The key insight here is that **data in itself has practically zero value when it comes to making decisions**. Data is no more than a, sometimes huge, collection of recorded facts about some entities, such as your customers, your sales transactions or your web interactions. Although it might cost you and your company a lot of money, time and effort, to manage this repository of facts, said cost does not translate automatically into value.



### Data Science as Umbrella term: 

- Artificial intelligence
- Machine learning
- Statistics
- ETLs and data cleanup **:** ETL refers to extraction, transformation and load or the stages previous to data exploration, formulation of hypothesis and construction of models.
- Data Visualisation
- Algorithm and infrastructure	
- Efficient data storage and retrieval architectures
- Business knowledge / understanding of the application domain


### Why is data science “a thing” nowadays?

1.	The advent of the Internet economy and the explosion in mobile apps has caused a deluge of data waiting to be turned into value
2.	The sharp decrease in costs associated with data storage and processing.
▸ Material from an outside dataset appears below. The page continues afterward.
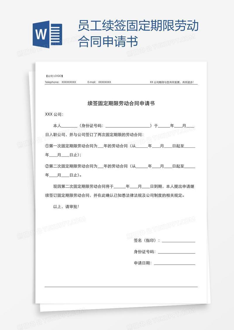 本作品为员工续签固定期限劳动合同申请书, 编号:71md2q87v1, 格式为 docx, 大小1 MB, 本作品下载后,先解压,解压之后用推荐软件 Word(2010) 打开, 然后进行编辑功能。

According to this source and this other source, the cost of a hard-drive per GB dropped from around 100 USD in 1997 to 1 USD in 2005 and then again to around 0.03 USD in 2017. This has but fueled trends such as “Big Data” and “distributed computing”.
3.	The development of a wealth of innovative ML and DL algorithms
4.	On the hardware side, the availability of GPUs that are used to run the heavy computations required by deep learning algorithms


![img](images/oneminofinternet.jpg)

## Applications of Data Science

![img](images/Data-Science-Applications-01.jpg)

## What it takes to be a Data Scientist ?

![img](images/venn_diag.png)

### Opportunities in Data Science
- Business Intelligence Developer
- Data Architect
- Applications Architect
- Infrastructure Architect
- Enterprise Architect
- Data Analyst
- Data Scientist
- Data Engineer
- Machine Learning Scientist
- Machine Learning Engineer
- Statistician

## What is Machine Learning:
- Machine Learning is the science (and art) of programming computers so they can
learn from data.


- Here is a slightly more general definition:
[Machine Learning is the] field of study that gives computers the ability to learn
without being explicitly programmed.
—Arthur Samuel, 1959

- And a more engineering-oriented one:
A computer program is said to learn from experience E with respect to some task T
and some performance measure P, if its performance on T, as measured by P, improves
with experience E.
—Tom Mitchell, 1997

### How machines learn from Experience
There are three common ways by which machines learn from
experience (data):
1. Supervised Learning
2. Unsupervised Learning
3. Reinforcement Learning

-  **Supervised Learning**  
Supervised learning algorithms experience dataset containing
many features as well as label (or target) associated with each
example.  In supervised learning, the training data you feed to the algorithm includes the desired
solutions, called labels

![img](images/image2.png)

Examples of learning problems/tasks.
- Classification - Assign a category to each item.eg: cat or dog prediction
- Regression - Predict a value for each item. eg: customer salary prediction

Here are some of the most important supervised learning algorithms 
- k-Nearest Neighbors
- Linear Regression
- Logistic Regression
- Support Vector Machines (SVMs)
- Decision Trees and Random Forests
- Neural networks2

![img](images/image6.png)

![img](images/image7.png)

![img](images/image9.png)

![img](images/image10.png)

### Unsupervised learning

In contrast in Unsupervised Learning it is unkown what the computer needs to learn. That means that you only have input data without corresponding labels. In that case the Machine Learning algorithm needs to figure out how to interpret and how to structure the data by itself. There are two main tasks for Unsupervised Learning:

- Unsupervised Learning For Clustering: Clustering means that the algorithm tries to group together the input data in categories. Example: red, blue, green etc. The category is then the label which is determined for the provided input data.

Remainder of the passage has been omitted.